## Supplied records:
▼
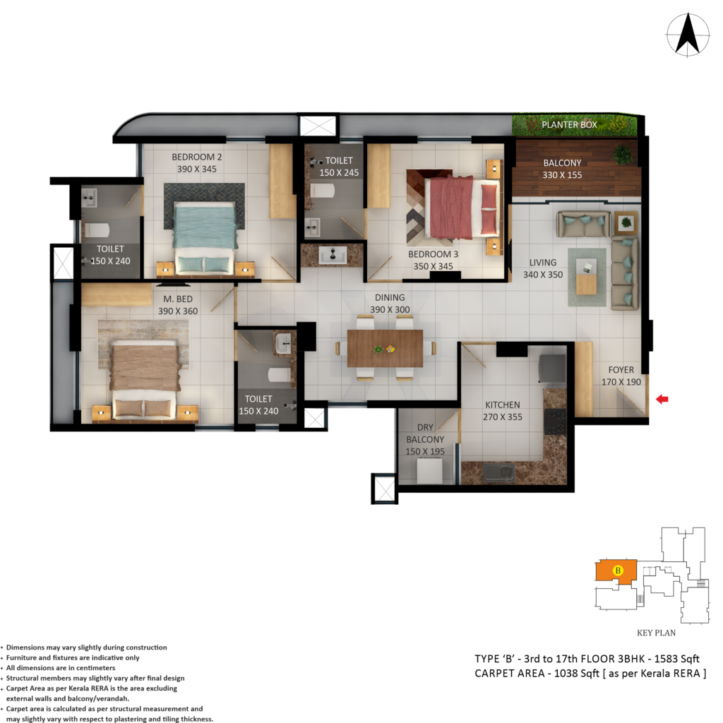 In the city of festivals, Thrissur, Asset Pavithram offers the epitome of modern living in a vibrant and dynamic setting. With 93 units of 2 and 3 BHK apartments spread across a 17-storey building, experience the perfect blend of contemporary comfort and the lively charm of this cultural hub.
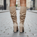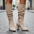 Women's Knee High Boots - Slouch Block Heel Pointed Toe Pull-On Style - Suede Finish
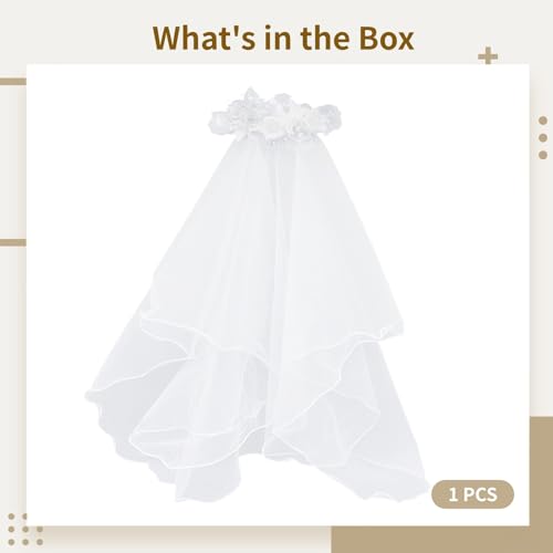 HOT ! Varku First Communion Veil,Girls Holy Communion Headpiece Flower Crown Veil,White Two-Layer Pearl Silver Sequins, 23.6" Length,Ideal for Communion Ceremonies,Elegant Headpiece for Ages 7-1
▲
▼
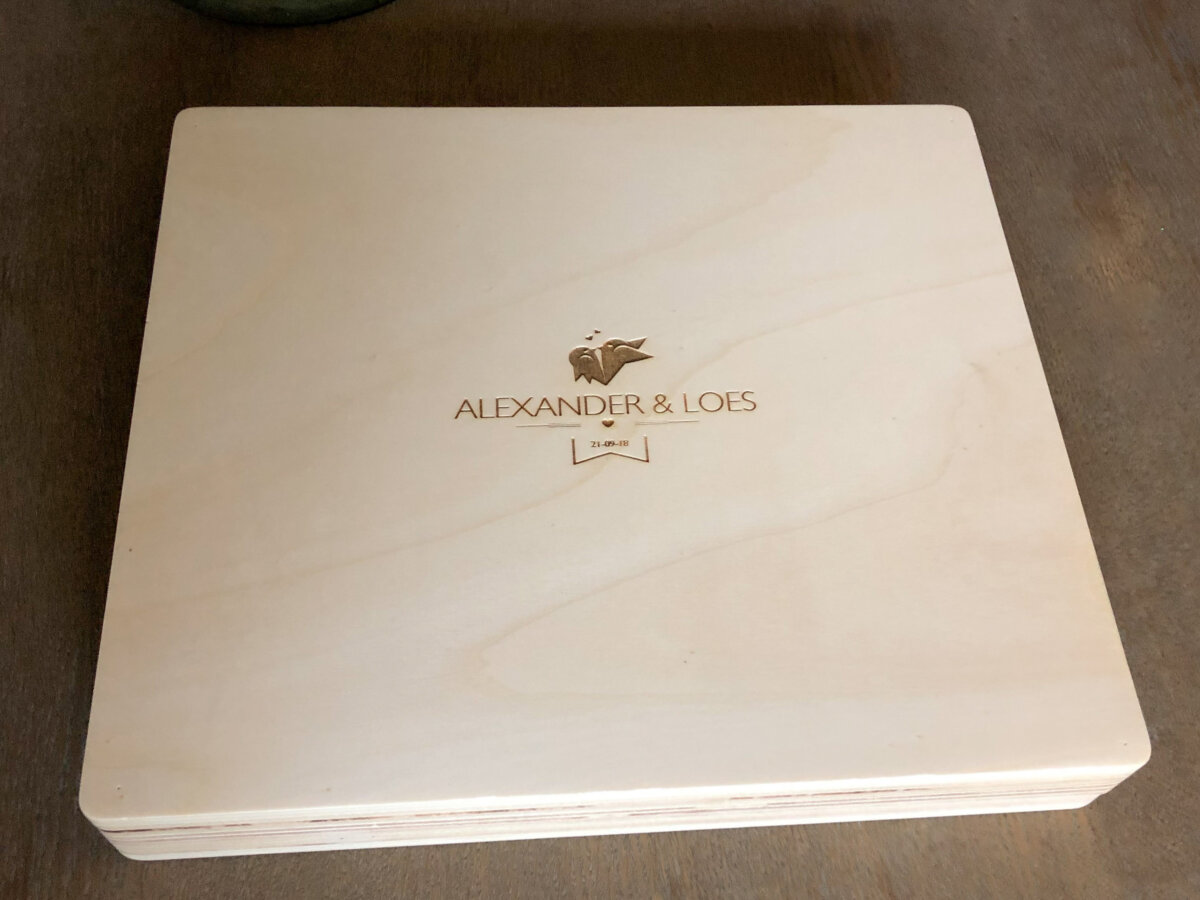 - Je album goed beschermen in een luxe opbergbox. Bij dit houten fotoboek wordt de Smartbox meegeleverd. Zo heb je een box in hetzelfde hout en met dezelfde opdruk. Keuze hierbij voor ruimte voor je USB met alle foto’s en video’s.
▲
## To do:
Copy exactly the part of the material above that opens with the line containing "Women's Knee High" and closes with the line containing "HOT ! Varku", ends included. Drop the images.

## Output of the exercise:
 Women's Knee High Boots - Slouch Block Heel Pointed Toe Pull-On Style - Suede Finish
 HOT ! Varku First Communion Veil,Girls Holy Communion Headpiece Flower Crown Veil,White Two-Layer Pearl Silver Sequins, 23.6" Length,Ideal for Communion Ceremonies,Elegant Headpiece for Ages 7-1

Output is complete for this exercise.